The compromise that worked: route by argument count. Up to six arguments goes to Flash, above that goes to Pro. In our indie stack, review-sentiment analysis (four args) stays on Flash and wallpaper-metadata generation (fourteen args) stays on Pro. Total monthly cost dropped by about 38% versus pinning everything to Pro.
One more knob: on Flash, set thinking_budget=0 explicitly when you want function calling. Without it, Flash sometimes runs a small thinking pass anyway, and those tokens count against max_output_tokens — a quiet contributor to MALFORMED in long-argument calls.
When the residual rate still bothers you
After the three causes above, our residual was under 1%. We handle the rest with two layers:
- Force a call by setting
tool_config.function_calling_config.mode = "ANY"withallowed_function_names. - Retry once at
temperature = 0.0with no backoff if a MALFORMED still slips through.

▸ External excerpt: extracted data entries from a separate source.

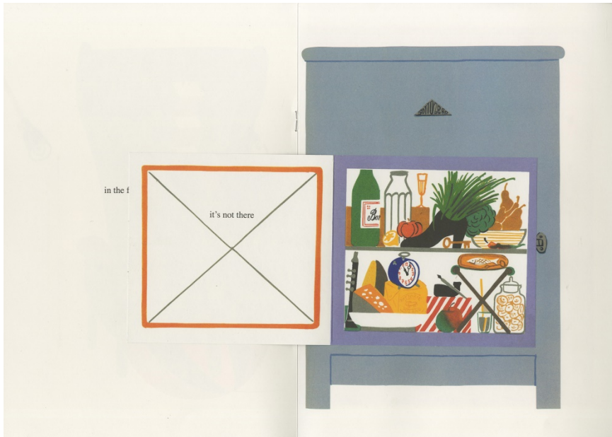
Figure 12. A well-organized ice box? Illustration by Bruno Munari, from Bruno Munari (1945/2004) - © Bruno Munari. All rights reserved to Maurizio Corraini Srl, Mantova.

An electric refrigerator was still a dream for most Italians in the 1950s (only 6% of Italian families had one), but over the course of 20 years it became indispensable for 94% of the Italian population. This meant that in the 1970s Italy was one of the largest manufacturers of refrigerators in the world, together with the USA (Faravelli Giacobone, Guidi & Pansera, 1989). The central role of this particular appliance also emerges from many of the picturebooks analyzed. It often takes pride of place in the kitchen, with its door open and its shelves bursting with food. The illustrators often dedicate whole pages to it (Fig. 13).
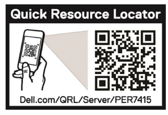
Figure 2. Quick Resource Locator for PowerEdge R7415
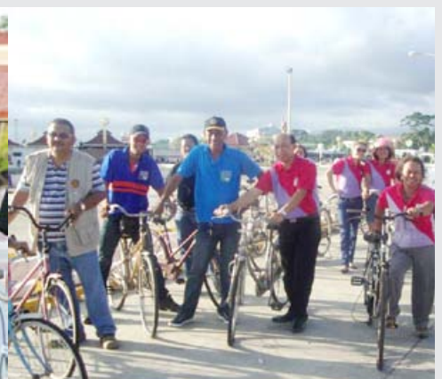
Distribution of Bikes for Peace: Saturday, November 17, 2012 4PM at Paseo del Mar, Zamboanga City.
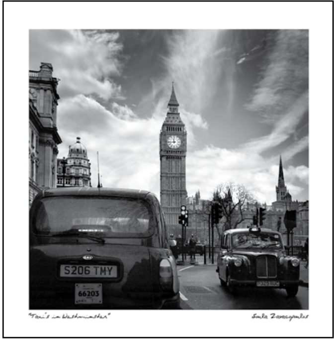
TL-21 'Taxis in Westminster'
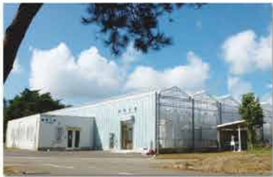
A large-scale greenhouse ( a "plant factory") that systematizes the use of advanced technologies

We are developing techniques to achieve a good balance between labor-saving, low-cost, stable production, and also reducing the environmental load.
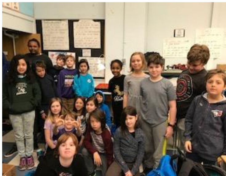
Mme Hilaire's class got a visit from the Toronto Region Conservation Authority's Outreach program and are growing some aquatic plants that will be transplanted later this spring to help the watershed!
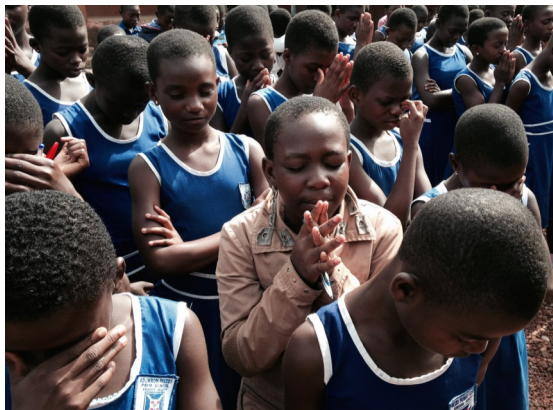
Student responds to the Gospel

Lots of chicken, rice, potatoes, heat, and power outages. But the kind hotel staff made us as comfortable as possible.
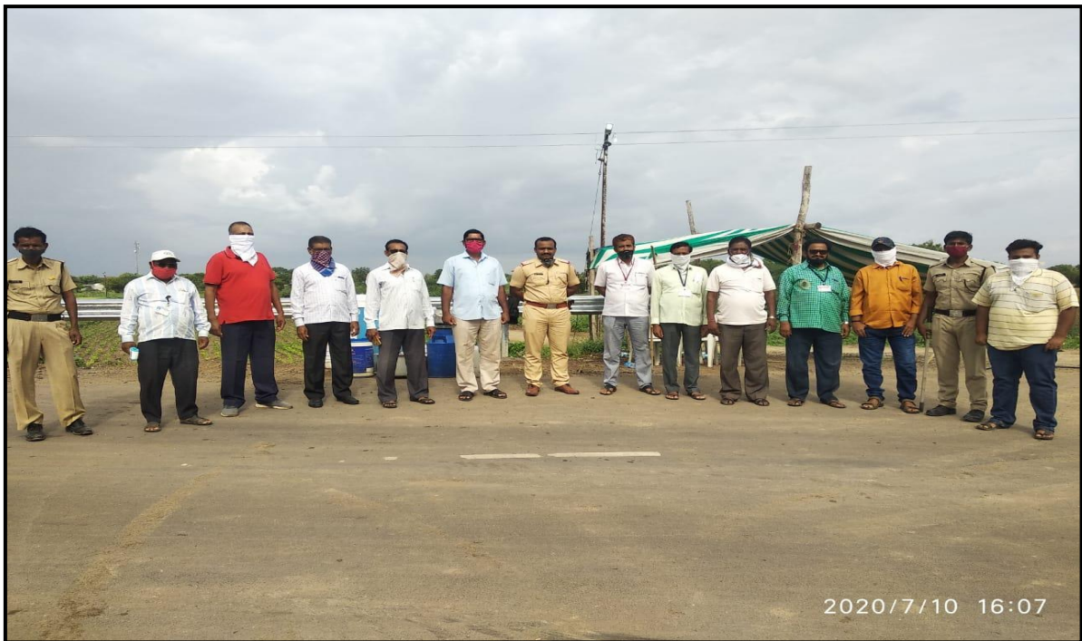
Check Post Duty during Covid 10.07.2020
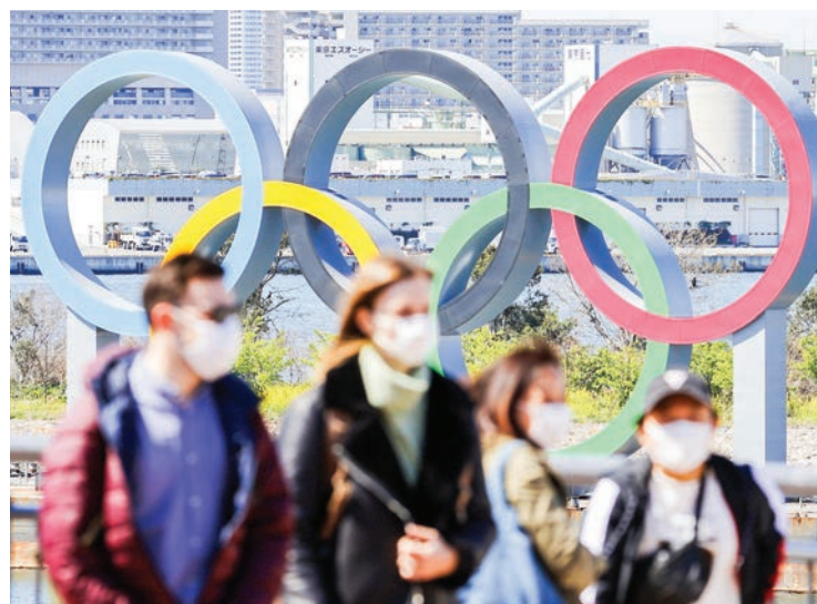
People wearing masks are seen near the Olympic rings in Tokyo's Daiba waterfront area on 20 March 2020. PHOTO: KYODO NEWS

"Our athletes are under tremendous pressure, stress and anxiety, and their mental health and wellness should be among the highest priorities," Hinchey wrote. — Kyodo News
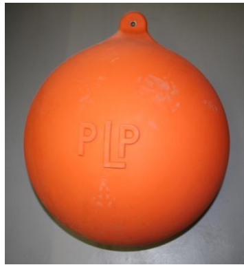
Aircraft warning sphere

The Preformed Line Products AIRCRAFT WARNING DEVICE has been designed to be applied by hand or by hot stick. Assembly requires an aircraft warning sphere and a helical tie.
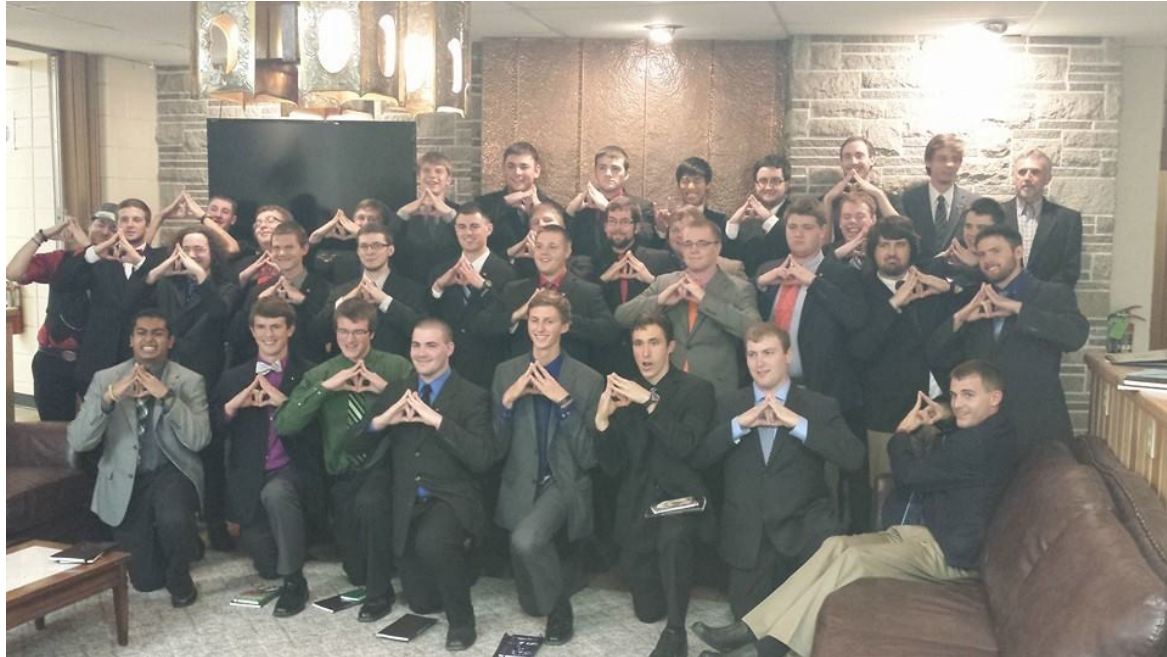
Photo from the Fall 2014 Pining Ceremony
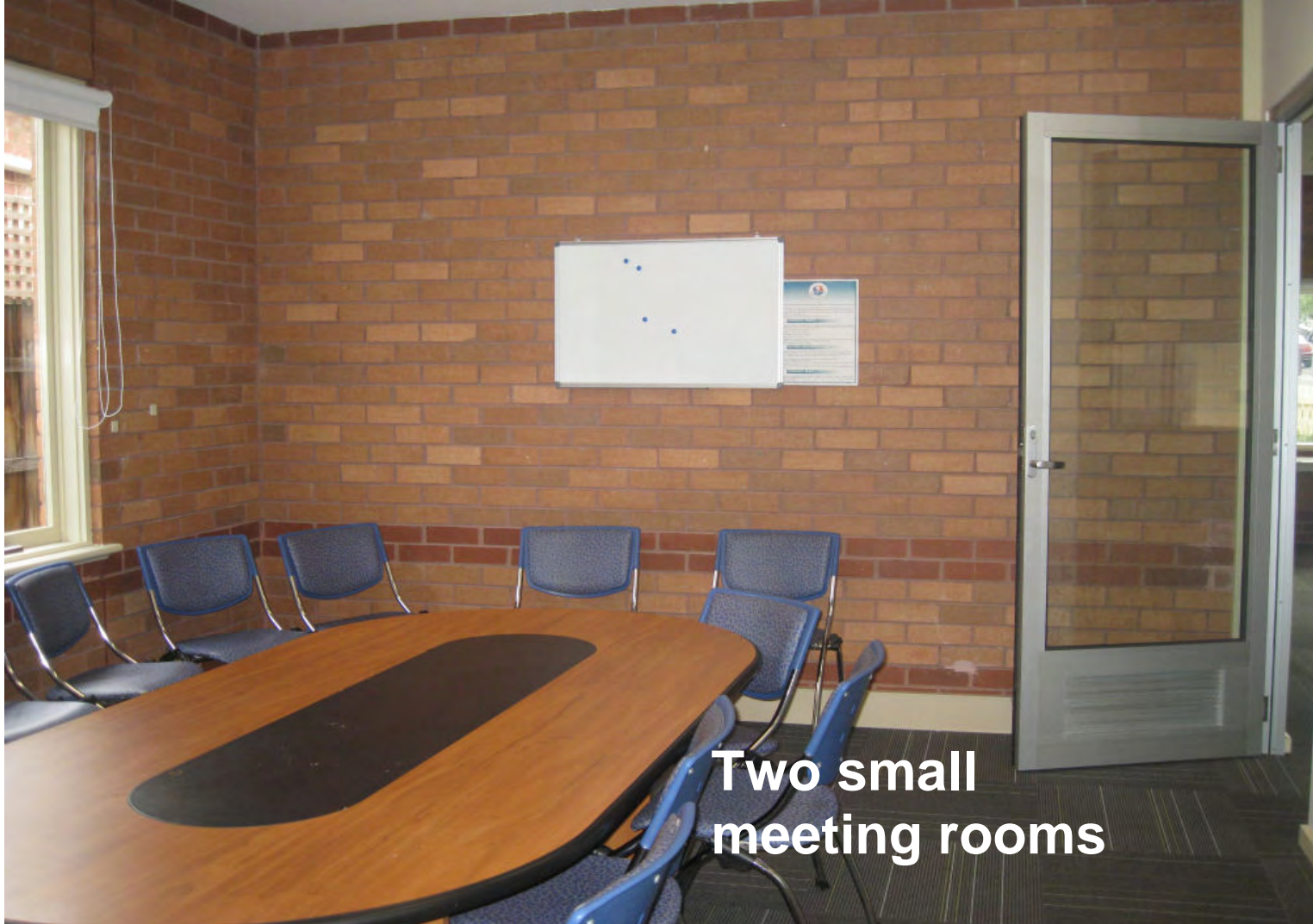
Two small meeting rooms

The retry catches over 95% of stragglers. What remains tends to be input with heavy emoji or RTL strings; adding an input-sanitization pass cleared it up.
def call_with_fallback(client, model, contents, tools):
for attempt in (0, 1):
cfg = types.GenerateContentConfig(
tools=[types.Tool(function_declarations=tools)],
tool_config=types.ToolConfig(
function_calling_config=types.FunctionCallingConfig(
mode="ANY",
allowed_function_names=[t.name for t in tools],
)
),
temperature=0.0 if attempt == 1 else 0.4,
max_output_tokens=2048,
)
resp = client.models.generate_content(model=model, contents=contents, config=cfg)

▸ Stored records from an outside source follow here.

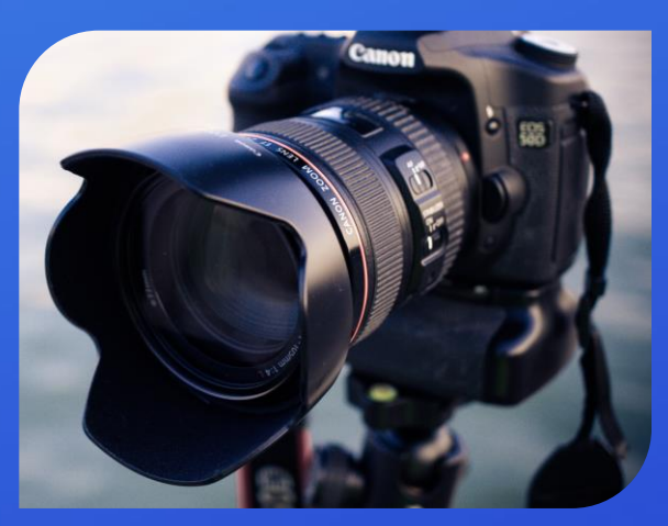
Photographer capturing all the great moments
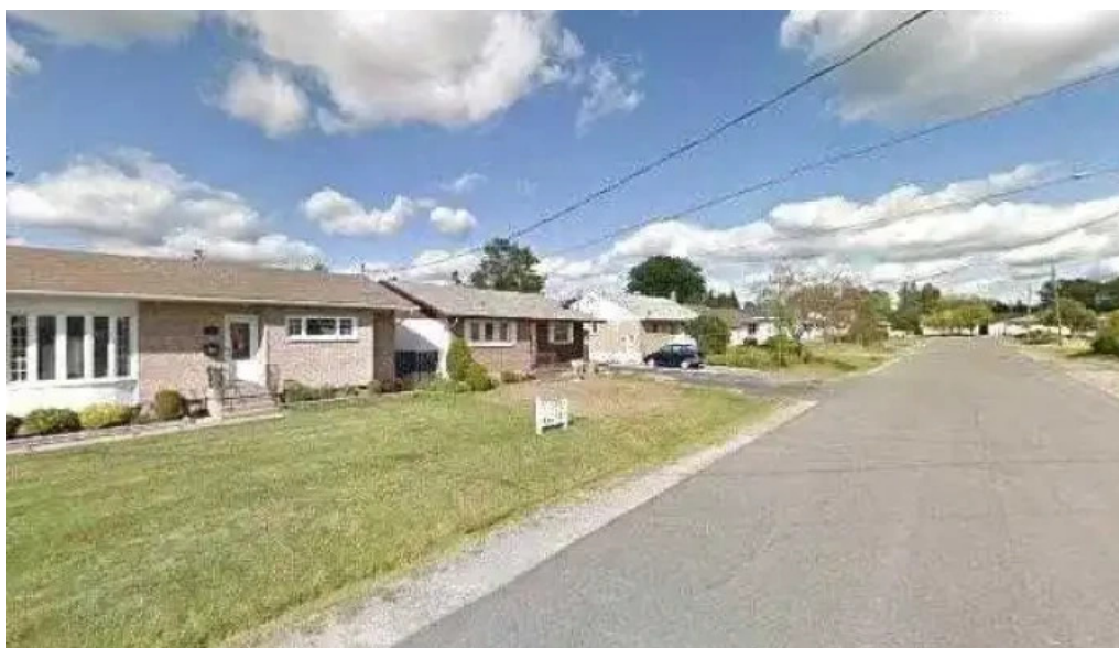
Wise hearts therapy emdr cbt therapist sudbury street view 360deg
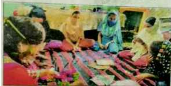
अनन्दशाला में हस्तकला का प्रशिक्षण लेती छात्राएं।

दोषर | प्रतिनिधि। लोकतांत्रिक आदर्शों में स्कूल बच्चों को उत्साह प्रदान करने के उद्देश्य से चेतना विकास एवं कवरेज आंदोलन के संयुक्त प्रयास से दोषर एवं मधुपुर प्रखंड के चयनित 33 उच्च विद्यालय एवं मध्य विद्यालयों में साप्ताहिक समर कैम्प का आयोजन किया गया था। एक सप्ताह तक चलने वाला समर कैम्प रोजाना को सफलता पूर्वक संपन्न हो आया। समर कैम्प में करीब 150 विद्यार्थियों ने भाग लिया।

if resp.candidates[0].finish_reason != "MALFORMED_FUNCTION_CALL":
return resp
raise RuntimeError("function call malformed after retry")Next step
Start by adding finish_reason logging to your existing call sites so you can measure the MALFORMED rate. Three days of observation is usually enough to see which of the three causes dominates, and from there you can fix the right thing instead of blindly raising max_output_tokens and watching the bill climb.
Hope this helps anyone running into the same symptom.